Turns out there’s an easy fix, that is not activated by default by Connector/J, the MySQL jdbc driver. Add rewriteBatchedStatements=true to the connection properties and there you go, the batch is executed in batch mode with a single round-trip to the server. That’s a huge improvement.

Why on Earth is it not the default?

I don’t have a good answer to this question. I’ve got a bad answer though: When values are sent in batch, all values must fit into the max_allowed_packet envelope. If it doesn’t fit, the query will fail. So, it’s safer to let each row fit than try to fit all rows.

A good implementation would activate this behaviour by default, get rid of the max_allowed_packet altogether and use as many server round-trip (one per N rows, not one per row) as needed to send all the data.

Well at least I solved my problem…

Yes and No. Yes, I solved this batch insert counterintuitive behaviour. No, every round trip to the server is still very long.

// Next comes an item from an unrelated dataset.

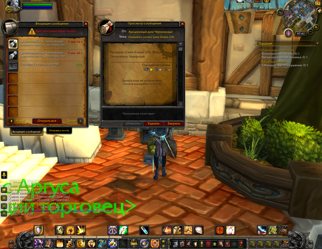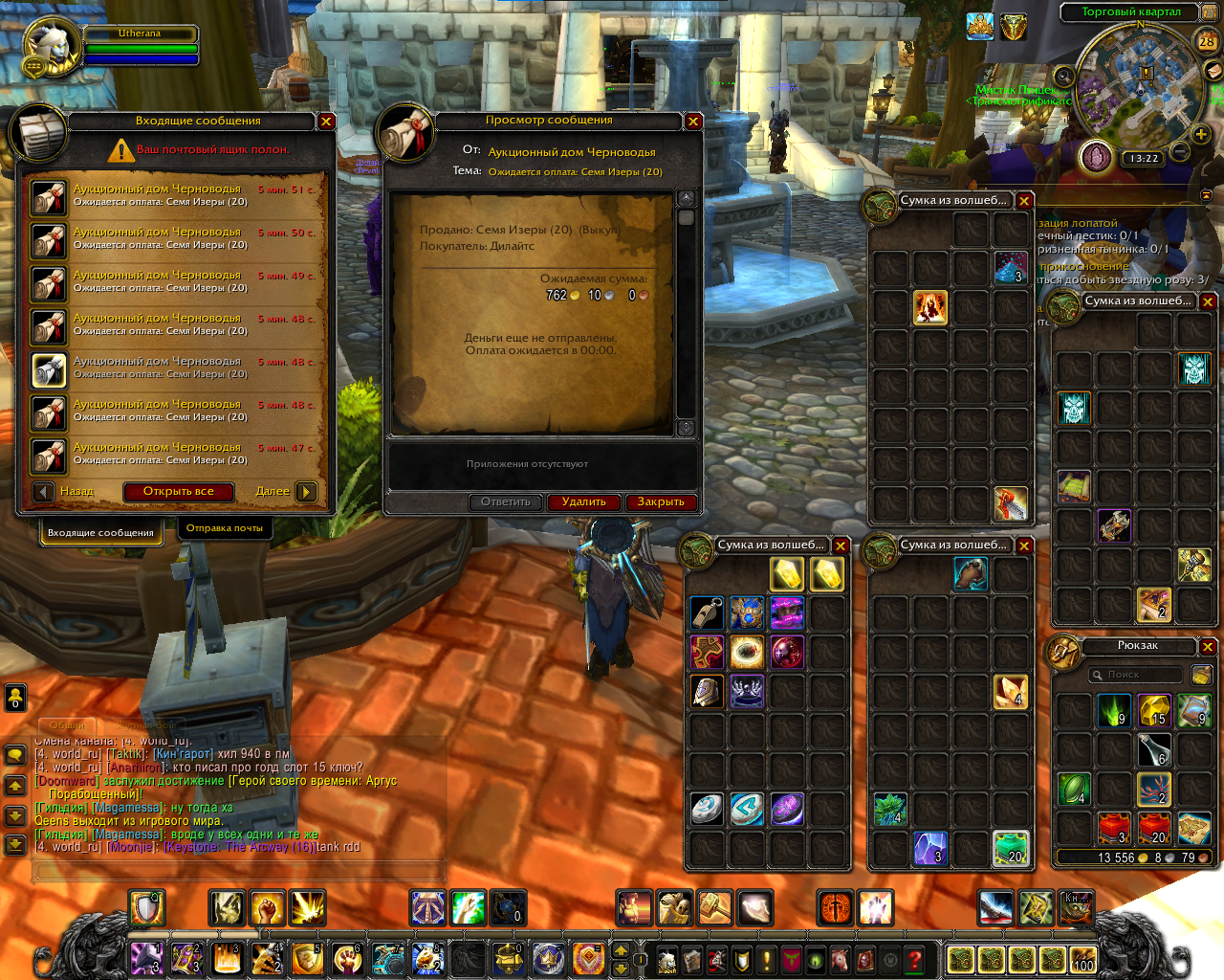 Либо золото приходит напрямую в инвентарь, либо оно не приходити вовсе. Мне приходят 2 типа письма с аукционов: 1 - Письмо, где уже приложено золото которое я могу забрать и увидеть в сумке, 2 - Письмо, где сказано что оплата ожидается и прибудет в 00:00 |

Specially on the Cloud Platform, whether I use Google Cloud SQL or my own SQL hosted on a Compute Engine instance.

Maybe I need to search for some more counterintuitive magic property!

5 thoughts on “MySQL and jdbc batch inserts”

  1. Did you try to combine your insert with “multivalues”, I mean one SQL order for all inserts instead of one batch for 10K inserts?

  2. In my experience, if you’re using hibernate and MySQL, you’ll get the best performance with:
    – ?rewriteBatchedStatements=true in MySQL JDBC URL
    – hibernate.jdbc.batch_size set to something different than 0 (default). Don’t overdo it: 100 might be sufficient.
    – stay away from Identity generator for your ids which effectively disable batching too! Consider using a table generator instead with a reasonably large prefetch of ids depending on your INSERT workload.

    1. Oops. If all you have is a hammer, everything looks like a nail. You did not mention JPA or any ORM. You are probably working directly with JDBC API. Then you are fine with rewriteBatchedStatements alone. Sorry for the noise.

Comments are closed.